Mistake 5: Ignoring differences in scales
As previously mentioned (see Mistake 1), it is always a good idea to perform an exploratory analysis of your data. At this point, you may realize that the features have different scales. For example, let’s load the DIAGNOSTIC dataset and compute some summary statistics with the describe() function. Figure 5.1 shows a summary of the data frame.
from sklearn.datasets import load_breast_cancer
data = load_breast_cancer(as_frame=True)
data.frame.describe()
Figure 5.1: Summary statistics of the DIAGNOSTIC dataset.
Here, we can see that the max value of mean concavity is \(0.42\) and the max value of mean area is \(2501\). The later is much larger (in the range of thousands). These differences can have a huge impact in many machine learning models. Specially on those based in distances such as KNN. Suppose we want to compute the distance between two feature vectors \(v_1=[0.21, 2034]\) and \(v_2=[0.19, 1327]\) using the Euclidean distance:
\[\begin{equation} d = \sqrt{(0.21 - 0.19)^2 + (2034 - 1327)^2} \tag{5.1} \end{equation}\]
It is easy to see that the second feature is dominant, making the first one almost irrelevant. One way to deal with this is by normalizing the features so they fall into the same interval, for example \([0-1]\). The following formula can be used to normalize a variable \(X\):
\[\begin{equation} z_i = \frac{X_i - min(X)}{max(X)-min(X)} \tag{5.2} \end{equation}\]
where \(z_i\) is the normalized \(i^{th}\) value and \(max(X)\) and \(min(X)\) are the maximum and minimum values of \(X\). Scikit-learn has the MinMaxScaler() function that does that transformation. The following code split the data into train and test sets. Then, it fits the scaler using the train data and transforms it (line \(10\)). Finally, the test set is transformed as well.
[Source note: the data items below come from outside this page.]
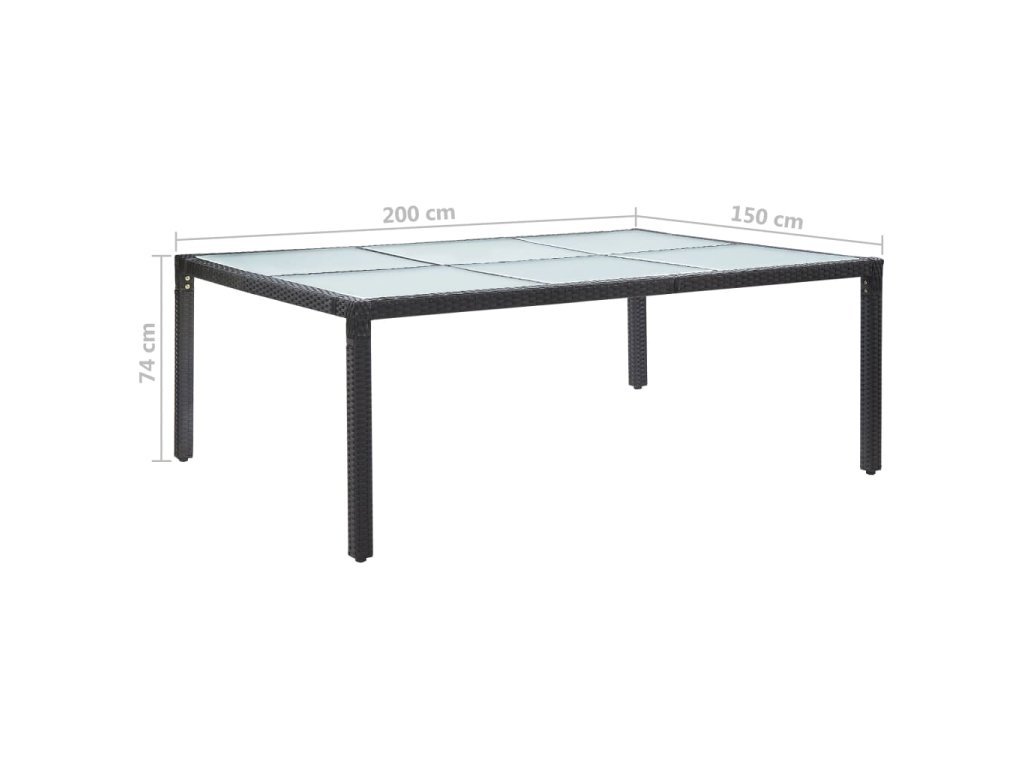 Venkovní jídelní stůl černý 200 x 150 x 74 cm polyratan
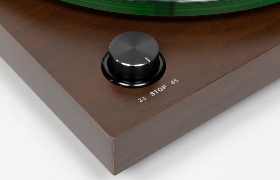 В левом нижнем углу размещен поворотный регулятор, запускающий вращение диска с разной скоростью. Работает он с неравномерным усилием и без четкого клика, но со своей функцией все же справляется.
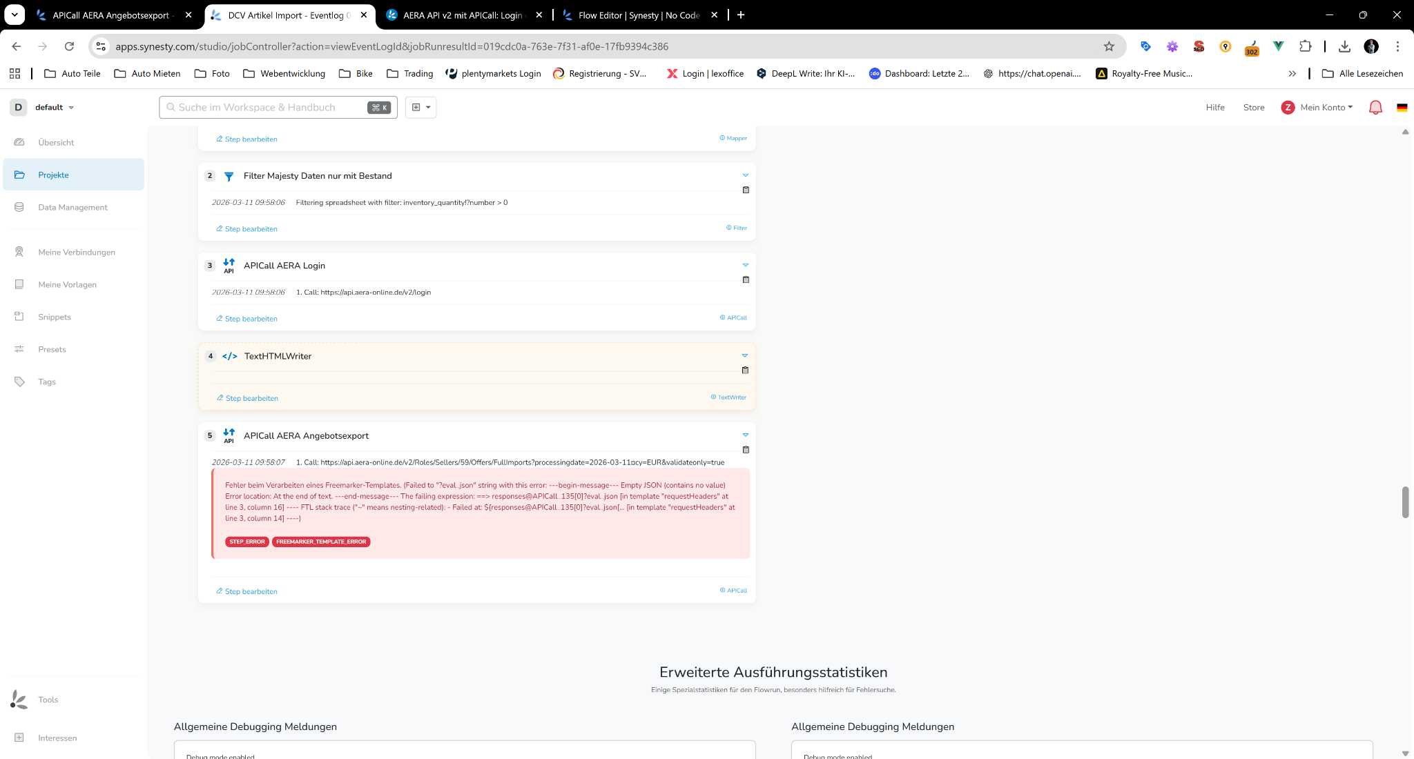 Falls jemand ein funktionierendes Beispiel in Synesty für AERA V2 Seller API hat, wäre das extrem hilfreich.
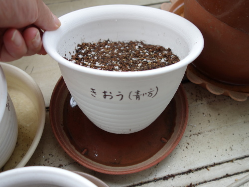 鉢に名前を書いておきます。2015年10月6日(火)現在、何も変化はありません。No.1と同様、やはり冬を越さないと発芽しないような感じです。
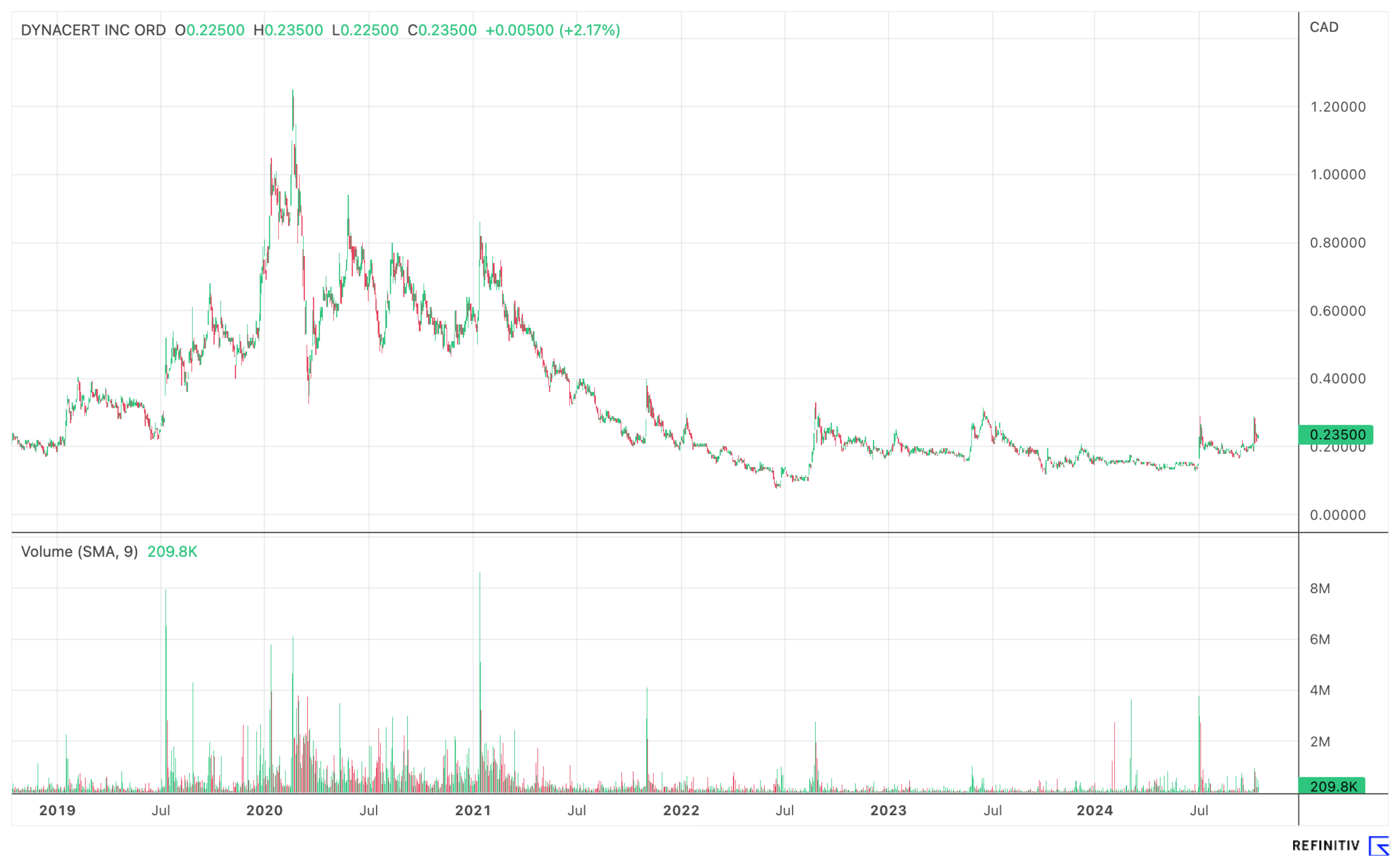 Das kanadische Technologie-Unternehmen dynaCERT Inc. (WKN: A1KBAV | ISIN: CA26780A1084 | Ticker-Symbol: DMJ) hat vollkommen unverschuldet holprige vier Jahre hinter sich. Grund dafür waren die staatlichen Lockdown-Maßnahmen seit dem Ausbruch der Corona-Pandemie in 2020. Bis dahin lief alles nach Plan. Der Aktienkurs stieg auf 1,25 CAD und im selben Jahr wurde von GBC Investment Research ein Kursziel von 2,20 CAD in Aussicht gestellt. Der Aktienkurs stürzte in Folge der angeordneten Einschränkungen des Geschäftsbetriebes dramatisch auf einen Tiefstand von nur noch 0,075 CAD ab.

Figure 5.2 the summary statistics of the train set after the transformation.
from sklearn.model_selection import train_test_split
from sklearn.preprocessing import MinMaxScaler
X = data.data
y = data.target
X_train, X_test, y_train, y_test = train_test_split(X, y,
test_size = 0.5,
random_state = 123)
scaler = MinMaxScaler()
X_train_scaled = scaler.fit_transform(X_train)
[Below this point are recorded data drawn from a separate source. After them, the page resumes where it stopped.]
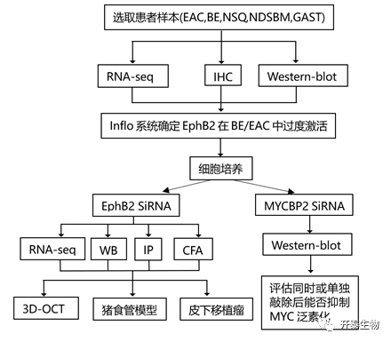 总之,该研究确定EphB2信号在BE-EAC连续体中经常过度激活,EphB2是BE-EAC病理生物学的潜在关键决定因素,其作为MYC的上游调节因子,EphB2-MYC轴的激活可能先于BE的发展。靶向EphB2 / MYC可能是这种通常难治性和侵袭性癌症的一种有前途的治疗策略。
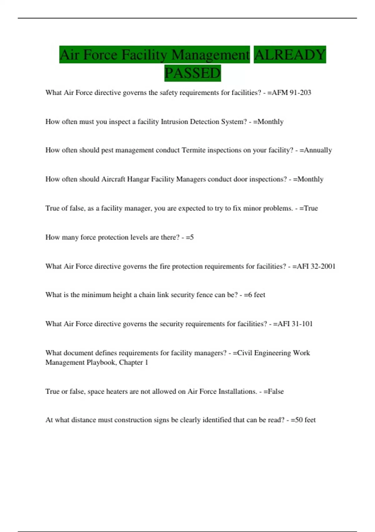 Air Force Facility Management ALREADY PASSED
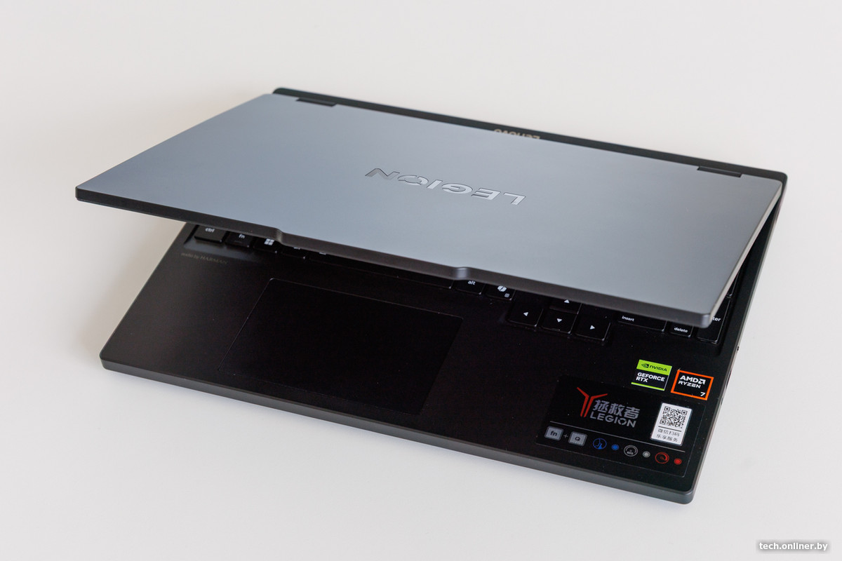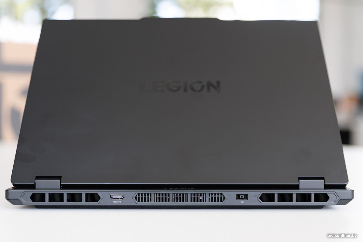 Изменения коснулись и задней крышки ноутбука. Если в прошлом поколении надпись Legion укромно располагалась в левом верхнем углу, то теперь она находится по центру — у окружающих не останется вопросов о том, к какой линейке ноутбуков относится ваше устройство.
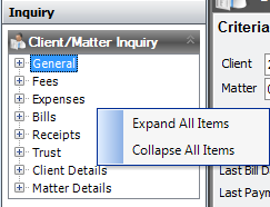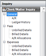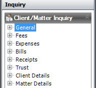 The navigation pane of the Client Matter Inquiry workspace contains 8 different inquiry options which includes: General; Fees; Expense; Bills; Receipts; Trust; Client Details and Matter Details.

X_test_scaled = scaler.transform(X_test)
X_train_scaled_df = pd.DataFrame(X_train_scaled, columns=X.columns)
X_train_scaled_df.describe()
Figure 5.2: Summary statistics of the DIAGNOSTIC dataset after normalization.
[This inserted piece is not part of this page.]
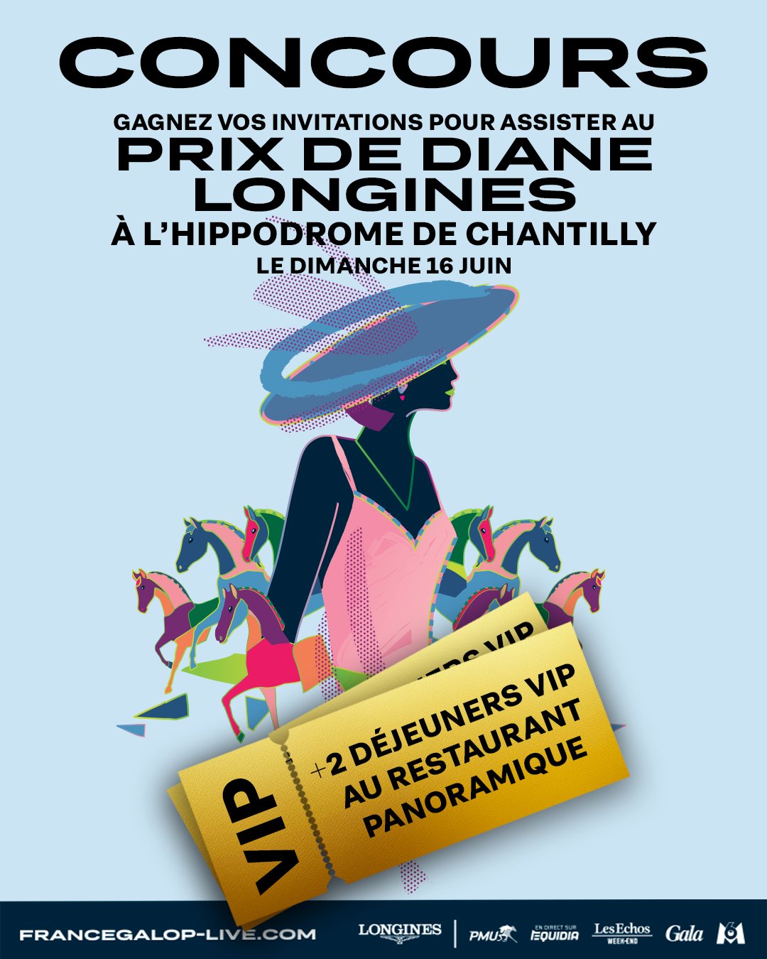 #CONCOURS 🏇 À l'occasion de la diffusion du #PrixdeDiane @Longines depuis l'hipprodrome de Chantilly, le dimanche 16 juin à 15:50 en direct sur M6, gagnez vos invitations + 2 déjeuners VIP au restaurant panoramique ! Pour participer : 👉 Être abonné aux comptes @M6 et

Now, the minimum and maximum values of all features are \(0\) and \(1\), respectively. Note that the scaler was fitted using only the train data. That is, the parameters (max, min) were learned from the train set and then applied to the test set. This separation is done to avoid leaking training parameters into the test set (see Mistake 10).
It is worth mentioning that not all models are affected by scale differences. For example, decision trees are immune to differences in scales across features.
MinMaxScaler, StandardScaler, MaxAbsScaler, etc.